Anybody want to talk Mad Men?

I called AT&T (and be sure to check out the ad at right) on Saturday to upgrade my TV options so that I could see the season premiere of “Mad Men” Sunday night. In HD.

I even went to see Dreher High School’s production of “How to Succeed in Business Without Really Trying” — twice — over the weekend to help get me in the mood. (Quick, what is the most direct connection between that play — and I’m thinking the original Broadway production — and “Mad Men”? There’s a hint in the photo above.)

And it was all that I had expected it to be.

So I come in to work at my own ad agency Monday morning, and we usually spend a few minutes batting the breeze at the start of the traffic meeting, but… no one but me watches “Mad Men”! So there was no one to discuss it with.

Anybody want to talk about it? Here, I’ll start…

My favorite story line wasn’t Don’s relationship with his hot new wife, or Lane’s dilemma over the picture he found in a wallet. It was the one that went (SPOILER ALERT):

  • Young white twerps at competing agency, tired of hearing civil rights marchers outside their window, start dropping water bombs on them — which makes news.
  • Our protagonists at Sterling Cooper Draper Pryce decide (in their own white-twerpy fashion) to add to the competitors’ discomfiture by running a help-wanted display ad declaring that they are “an equal opportunity employer.”
  • Joan (my very favorite Mad Man, even though “Man” fits her less well than it does anyone else on television), who is on maternity leave, thinks the agency is hiring someone to replace her, and charges into the office with her baby to demand explanations.
  • A reception-room full of earnest young black applicants, quite naturally taking the ad at face value, show up to apply for the job. NOW what are our wiseguys going to do — say there IS no job, and risk getting as big a black eye as the rival agency did?

Suddenly, our “heroes” are entangled in the mid-60s, and they have to figure out how to cope with it. And it’s deftly and realistically handled, if a bit larger than life.

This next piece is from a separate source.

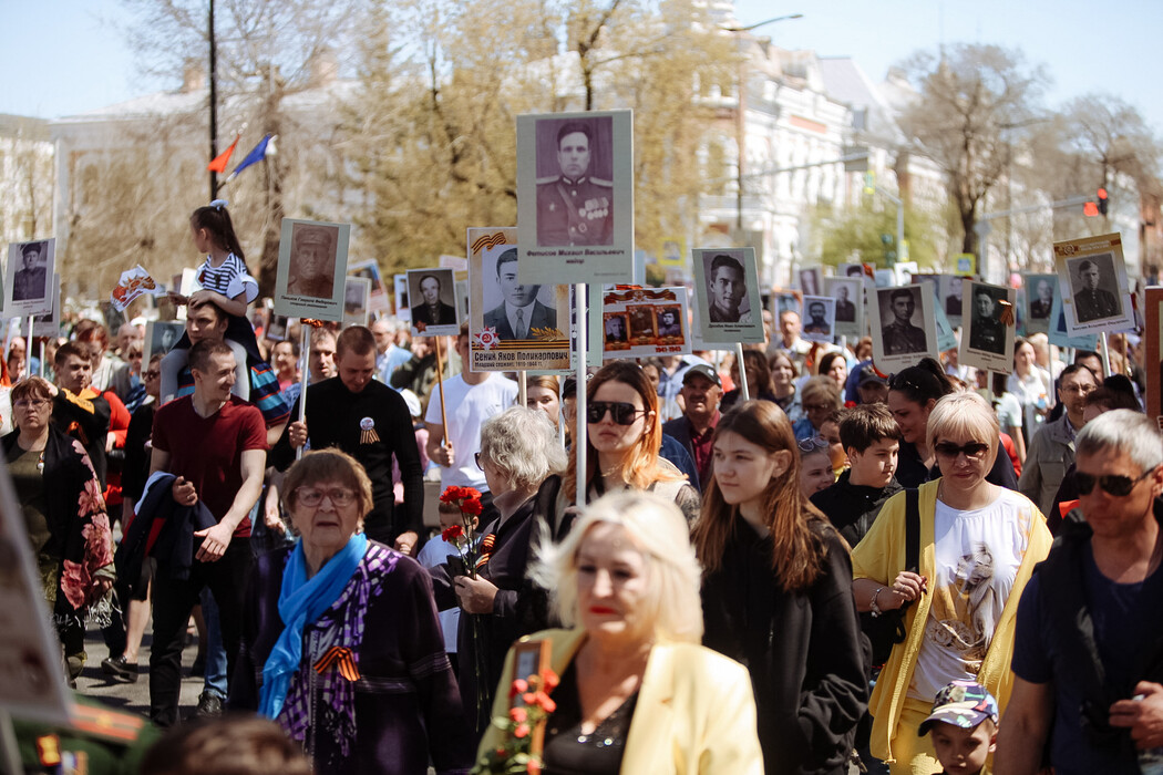 В Амурской области 9 мая в шествии Бессмертного полка в городах и селах прошли 75 тысяч человек. Из них 30 тысяч вышли с портретами ветеранов Великой Отечественной войны в Благовещенске.

14 thoughts on “Anybody want to talk Mad Men?

  1. Brad

    And Bryan, madras isn’t my style. My style, of course, is a cross between Don Draper and Bert Cooper.

    Of course, it isn’t hard to be the only Don Draper in town now. At my agency, I’m the only guy wearing a tie most days.

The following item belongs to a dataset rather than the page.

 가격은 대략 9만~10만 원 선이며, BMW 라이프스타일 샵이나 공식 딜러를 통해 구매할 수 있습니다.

    The main problem with Pete’s madras jacket (which you can see here) was that it had Pete in it. Supertwerp.

    You know what the really awful news is, though? My job at ADCO is a sort of cross between Pete’s and Roger’s. Not exactly what I’d call role models.

  2. Brad

    My wife also said, “What an awful song!”

    Not everyone agrees. Jessica Pare’s version is being released on iTunes, and a vinyl release is being marketed at the Mad Men website.

    The point wasn’t the song, ladies. It was about Megan being all sexy and stuff, 1965 style. The scene evoked for me the scene in “The Pink Panther” (1963) in which a foxy Euro brunette (Fran Jeffries) in a black catsuit sings “It Had Better Be Tonight” in Italian. The point was the chick writhing around provocatively in a way that the older generation thought was particularly cool and sophisticated at that point in the development of popular culture. This is just before a ton of bricks fell on them and they all realized that they were too old to be cool.

    I mean, these people were like 30 or something.

  3. `Kathryn Fenner

    Brad, Lots happens that I understand but find unpleasant. I “got” it–like, duh.

    I can’t think of anything that has happened on MM that seemed off or inappropriate. Lots happens that is icky, though.

    Agreed on the Madras jacket.The hot pink florals were also spot on. The harvest gold flocked bedspread in the Draper pad was too reminiscent of cheap motels for me, but the decor certainly was spot on.

  4. Brad

    So Burl — y’all are able to watch in real time now, huh? Will Space Age wonders never cease?

    When I lived in Honolulu, 1970-71, we got new network TV shows a week later…

  5. Bob Amundson

    My wife and I started watching because you, and others on the blog, enjoy it. We watched the previous three shows (AMC had them on Sunday morning) and have this season’s premiere recorded. But “Zous Bisou Bisou” is EVERYWHERE, and I can’t seem to rid my brain of it!

  6. Brad

    Funny thing — even though I spent the time to put this other post together, with TWO videos of “Zous Bisou Bisou,” I can’t remember it at all. I call up one of the videos, and I go, “Yeah, I remember that now!” But a minute later, I can’t remember how it goes. Meanwhile, it’s easy to remember the tune of “It Had Better Be Tonight,” from “The Pink Panther.”